The Church enforced strict standards of morality yet sinned demonically. Everyone knew about that predatory local priest, about the abuse in Church institutions, and yet at the same time, nobody did. People were dutiful Catholics yet experts in moral workarounds. Financial authorities saw massive corruption but took no action. The country kidded itself that it was classless because class division was a British thing. Irish republicans blew innocent people to pieces in the name of freedom and equality.

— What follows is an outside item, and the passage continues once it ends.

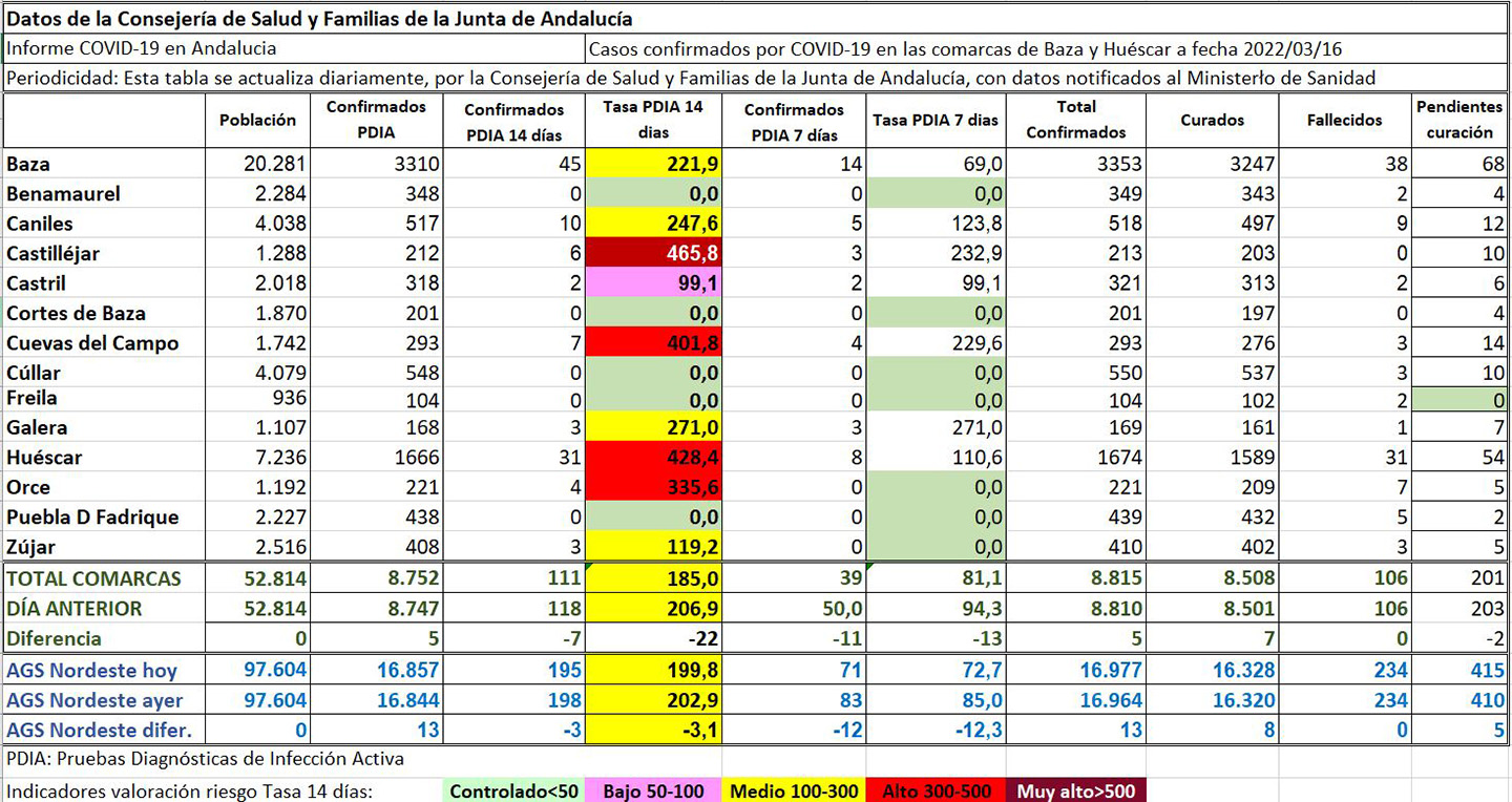 A nivel de municipios, destacar que la localidad de Freila no solo tiene sus dos tasas de incidencia a cero, sino que tampoco tiene ya ningún afectado pendiente de curación, mientras que Cortes de Baza se unía ayer a los municipios que tienen las dos tasas a cero y Orce ponía a cero su tasa de incidencia a 7 días. También mejoraba Galera, al pasar del nivel “alto” al “medio”, mientras que Castril daba un paso atrás pasando del nivel “Controlado” al “Bajo”.
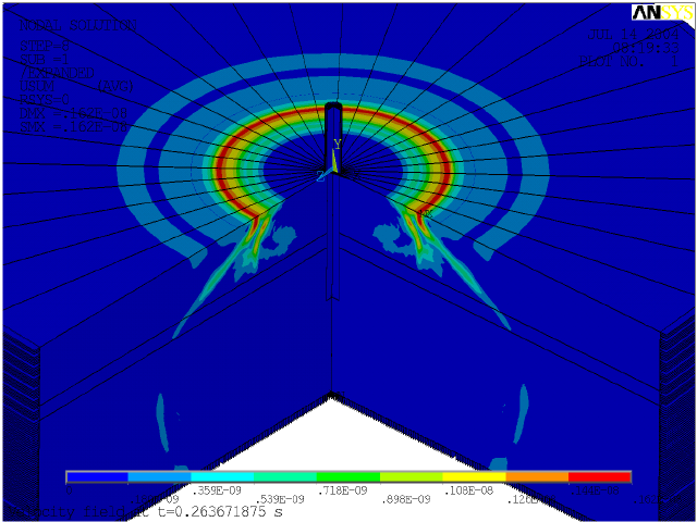 En premier lieu, à partir d’un modèle par élément fini de la structure en béton armé du viaduc et de la simulation de la sollicitation dynamique du roulage (contact roue-rail), il a été possible de calculer le champ des vitesses vibratoires sur la surface extérieure de l’ouvrage.

None of this could last.

Of life and politics in Northern Ireland, we don’t see much, but there are brilliant chapters on ‘the Troubles’ and peace process, notably, a sobering review of 1972. Such was the depth of disorder that year that O’Toole remembers his father telling him and his brother, gravely at the dinner table, that the three of them would probably be sent to fight in the north.

This book will be a personal journey for any Irish reader – perhaps a hard or impossible one, depending on your closeness to the darker realities covered. I was a northern blow-in to the Republic, but the book explained much about the earlier processes and decisions that led to the (bleak) condition of the west of Ireland in the 1990s. There’s even a chapter on how country and western music took over the west. Once I reached the 1990s chapters, the names of so many dodgy politicians, clerics, and businessmen came back to me, half-remembered from news coverage of scandals and tribunals.

It’s redundant to say that this book is well written. O’Toole is one of Ireland’s most celebrated writers. Even so, for such a long book, there is remarkably little filler; the skilled storytelling and profound analysis are addictive. The ‘personal history’ bits – when O’Toole shows himself as a kind of extra in historical events, or his experience as revealing of the times – are always well-judged.

However, We Don’t Know Ourselves is (and I am not sure if this is a criticism or not) almost entirely negative. Might the gloom have been lifted occasionally by talking about, say, the success of Irish sports stars, musicians, or films? Do the Irish have any virtues? There are some heroes, but villains dominate, the biggest being the omnipotent Archbishop McQuaid and corrupt politician Charlie Haughey. We are not quite sure what to make of Gay Byrne, the broadcaster.

And a charitable observer might argue Ireland looks slightly better when set alongside other places. For all its failings, it was at least a peaceful democracy in a period in which there were dictatorships in southern and eastern Europe, colonial wars being fought by Western European powers, and racial segregation in the US.  

But O’Toole is not interested in excuses. He is interested in skewering hypocrisy and clearing away myths. External standards are irrelevant because Ireland did not live up to its own standards. Now, the future is unknown – as it always is – but, O’Toole concludes, ‘What is possible now, and what was entirely impossible when I was born, is this: to accept the unknown without being so terrified of it that you have to take refuge in fabrications of absolute conviction’.